Валенсийцы были любезны, жизнелюбивы и малость крикливы, вечно с шутками и прибаутками наготове. Герде, уже более или менее овладевшей языком, понимать их все же было трудно, но девушка быстро научилась вставлять в речь междометие «че», так что ее тут же принимали за свою. Некоторые люди умеют, не прилагая никаких усилий, нравиться всем. Это что-то врожденное, как, скажем, манера смеяться, тихо, как будто шутка собеседника – это ваш с ним общий секрет. Герда была из таких. Языки ей давались чрезвычайно легко. Любой акцент она воспроизводила с легкостью музыканта-импровизатора. Ругательства произносила так элегантно, что покоряла любого. Слушала собеседника, слегка склонив голову, будто говорила: мы с тобой заодно. Внешность Герды не совсем соответствовала устоявшимся канонам женской красоты, но война придала ей особое обаяние, обаяние выжившей. Тощая, угловатая, с высоко поднятыми ироничными бровями, неизменно одетая в голубой комбинезон или военную рубаху, она сводила с ума всех и каждого. Отсутствие Капы придало смелости ухажерам, и Герде самой стало нравиться принимать ухаживания. Официанты держали для нее лучший столик. Между мужчинами в ее присутствии вспыхивало глухое соперничество, все наперебой спешили предложить ей рюмочку, угостить чем-нибудь вкусным, рассмешить или пригласить на танцы в один из салонов на улице Тринкете-де-Кабальерос.

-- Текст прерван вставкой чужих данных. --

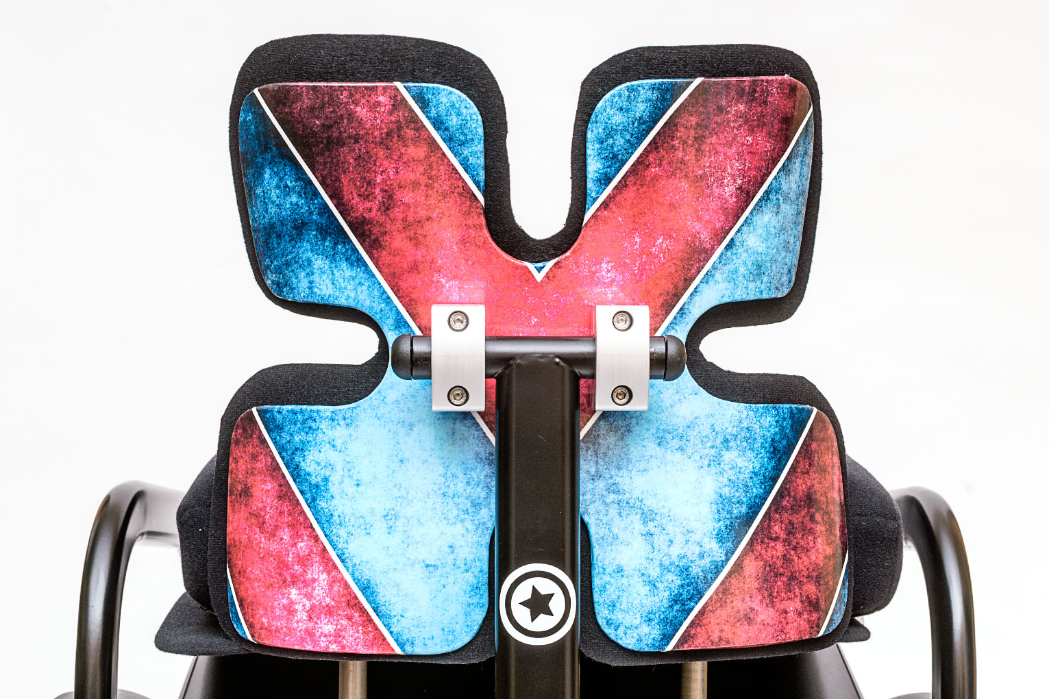 La seduta GO è munita di uno schienale di tipo ortopedico installato su supporto registrabile e reclinabile, di un cuscino realizzato in materiale idrorepellente e di un poggiapiedi contenitivo regolabile.
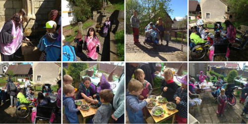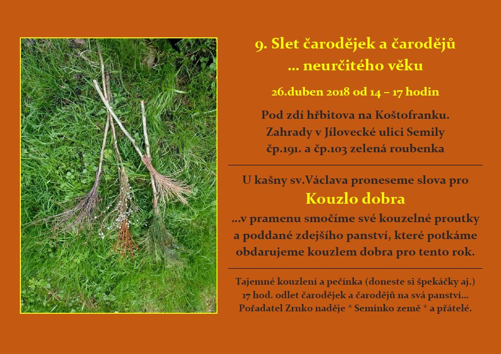 Dne 26.4.2018 v Jílovecké ulici pod zdí hřbitova na Koštofranku se sešli čarodějky a čarodějové neurčitého věku. U kašny sv.Václava byla pronesena slova pro KOUZLO DOBRA a smočili jsme v pramenu své kouzelné proutky. Poddané zdejšího panství, které jsme potkali jsme obdarovali kouzlem pro rok 2018. Pak už se na zahradě Zrnka naděje trošku čarovalo a opékali se dobrůtky. Počasí dnes bylo všelijaké, zamračeno s deštěm a pak sluníčko a pak zase déšť. A tak jsme se přesunuli do sídla (dům), kde jsme si pochutnali na buřtících, kávičce a pamlscích.

ТАНЦЗАЛ – ПРИХОЖАЯ БОРДЕЛЯ! ЗАКРОЕМ ПРИТОН РАЗВРАТА! – гласил черно-красный плакат, подписанный тремя буквами: ФАИ.
– Похоже, хозяин здесь – не анархист, – заметила Герда, когда кто-то перевел ей лозунг.
– Еще какой анархист. Из самых стойких, один из создателей этой самой Федерации анархистов Иберии.
– Как же он тогда держит такое заведение?
– Ну… поскольку запрет – прерогатива властей, он таким образом демонстрирует, что никто не имеет права им командовать. Ты же знаешь, как у них – «ни бога, ни хозяина».
Анархисты! Такие свои, такие надежные, такие человечные. Испанцы до мозга костей. Герда усмехнулась про себя.
Бывало, они спускались веселой компанией к пляжу Мальварроса поесть креветок и поглазеть на корабли. Это Герде нравилось больше всего. Сесть на песок и смотреть, как вытягивают на берег парусники из Грао. Рыбаки загоняли волов в море по колено, привязывали к их хомутам лодочные канаты, и животные выволакивали лодку на песок, пока сияющие волны обгоняли их и разбивались о берег. Герда могла часами сидеть на берегу, покуривая и глядя вдаль, а соленый ветер освежал кожу и воспоминания.
Однако она не отдыхать сюда приехала. Надо было собирать материал для репортажей. Герда теперь работала на себя. Под каждой фотографией стояла подпись «Фото Таро». Еще никогда в жизни она не чувствовала себя такой самостоятельной. Вот она присела на корточки под аркой внутреннего двора Института Луиса Вивеса, колени вместе, зрачки превратились в две точки, перед ней – колонна бойцов народной армии. Сфокусировалась на переднем плане, схватила перспективу. Щелк. В противовес военным сценам Герде нравилось снимать повседневную жизнь. Парочка пьет оршад в кафе «Санта Каталина», конкурс самодеятельных оркестров под диптихом, изображающим Мачадо и Гарсия Лорку, мальчишки обучаются искусству тореро. Валенсия стала ей родной. Она была городом компанейским, чувственным и гостеприимным. Голодным беженцам с линии фронта Валенсия казалась изобильным раем, землей обетованной, где прилавки ломятся от снеди. Но фронт с каждым днем становился все ближе, и с балконов на площади Эмилио Кастелара видны были толпы бегущих от массовых расстрелов крестьян из Малаги со стертыми в кровь ногами и перекошенными от ужаса лицами.